The neuronal structure using immunofluorescence imaging (Figure 4) on day 3 sections showed neuronal damage characterized by damage to soma as well as axonal damages when compared with control sections. Annexin V-FITC/Propidium Iodide Assay (Figure 4) on the perihaematomal tissue show most neuronal death or apoptosis occurs on day 1 to day 3. Apoptosis persist on day 7 but less in number. Scanning Electron Microscope (SEM) image (Figure 5) in control group showed intact neuron cells with intact axons forming synapses. On day 1 post surgery, noticed there are disruptions of axonal and their synapses at the region close to haematoma. The neuronal cell body remains intact. On day 3, the neuronal cell body under goes shrinkage extensively in the perihaematomal region with no visible axons. Further degeneration occurs, and remnants of dead neurons were seen at perihaematoma tissue on day 7 along with macrophages clearing and reorganizing the tissue.

3.4. Immunohistochemistry

Results of the expression of GFAP (Figure 6), EAAT1/GLAST (Figure 7) and GABA_A α1 subunit in the mouse cerebellum sections divided between control, day 1, day 3 and day 7 in the perihematomal regions.

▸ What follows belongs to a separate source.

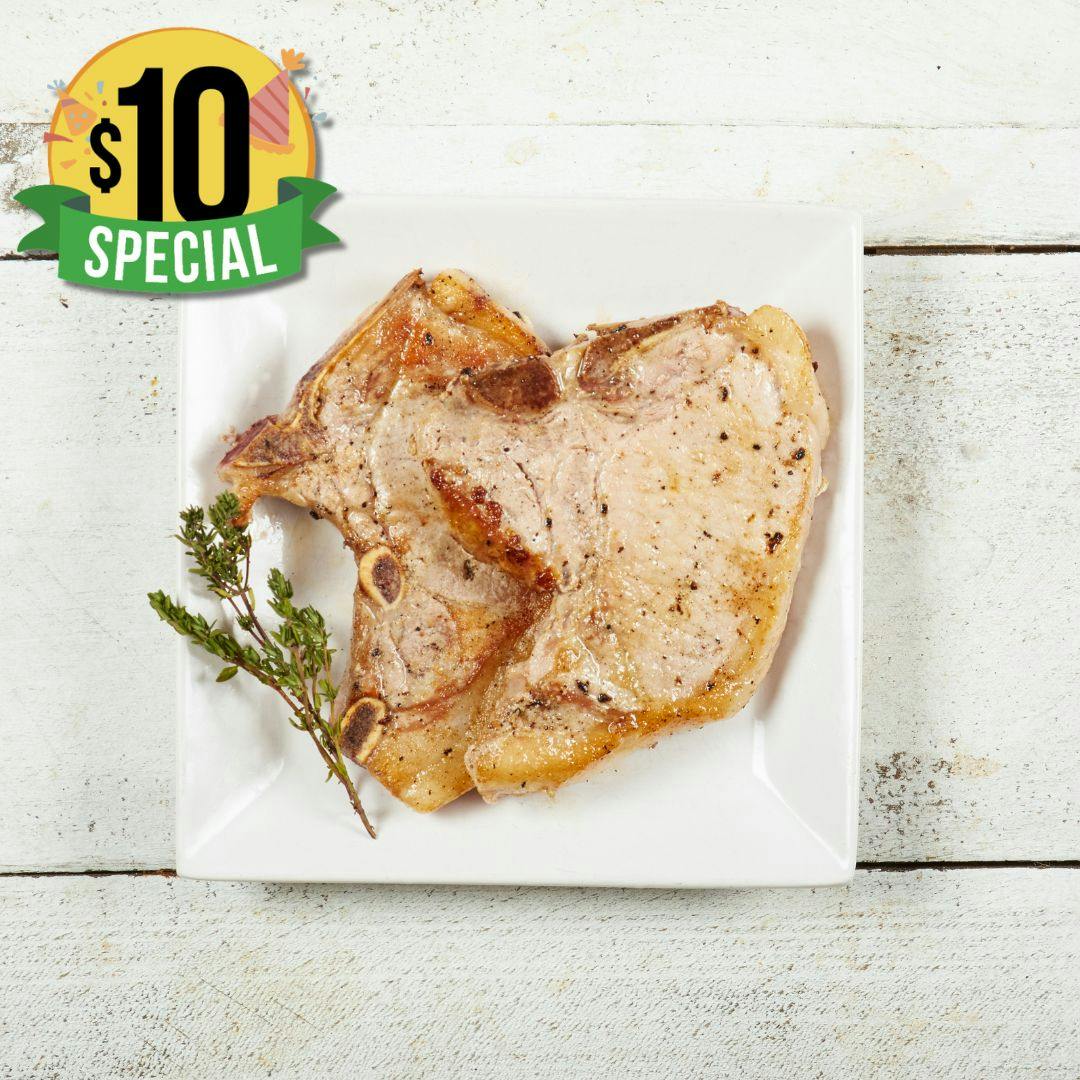 These 8oz Bone in Pork Chops are cut from the prized section just behind the rib cage and before the ham. Known as bone in loin chops, they are the pork equivalent of a classic beef striploin. Naturally lean like a boneless tenderloin, each chop benefits from the flavour boosting bone, keeping the meat juicy, tender, and richly satisfying.

3.5. Oxidative stress markers by Molecular studies

3.5.1. Upregulation of gene expression of antioxidants at day 7 post ICbH

Antioxidants such as SOD1 (Figure 9A), catalase (Figure 9B), and glutathione peroxidase (Figure 9D) all show upregulation of gene expressions at day 7 post ICbH. However, each gene had low level of gene expressions at different times; SOD1 started at day 1 post ICbH, catalase and GPx1 at day 3 post ICbH.

3.5.2. Upregulation of gene expression of pro-oxidants at day 1 and 3 post ICbH

In contrast to antioxidants, pro-oxidants as COX2 (Figure 9E) is upregulated at day 1 then downregulated by day 3 while another pro-oxidant, nNOS (Figure 9C) starts to upregulate at day 1 and continue significantly by day 3, then starts to downregulate by day 7 post-ICbH.

4. Discussion

Deterioration of neurological condition following ICbH persists days after onset of the hematoma. Surgical intervention by removal of the clot may have improved the overall survival rates but do not always achieve complete halt in the deterioration of neurological functions[Kirollos et al., 2001]. This could be possibly due to the secondary brain injury which occurs in the perihaematoma region of the ICbH. Number of previous studies have showed that secondary brain damage occurs as a result from interaction of cytotoxicity, excitotoxicity, oxidative stress, and inflammation from red blood cell lysis[Chaudhary et al., 2013]. In this study, we have analyzed the nitric oxide level in perihaematoma region as well as investigated the expression of neuroinflammatory marker genes to understand the propagation of secondary neuron damage in the perihaematoma region. From the nitric oxide (NO) results, we understood that NO increased on day 1 of ICbH but in day 3 and day 7 following ICbH, the NO level continuously reduced. This reduction of NO could be one of the key factors to trigger the secondary neuronal damage in ICbH as seen in the apoptosis assay and morphological data which suggests that neuronal damage occurs progressively till day 7 post ICbH.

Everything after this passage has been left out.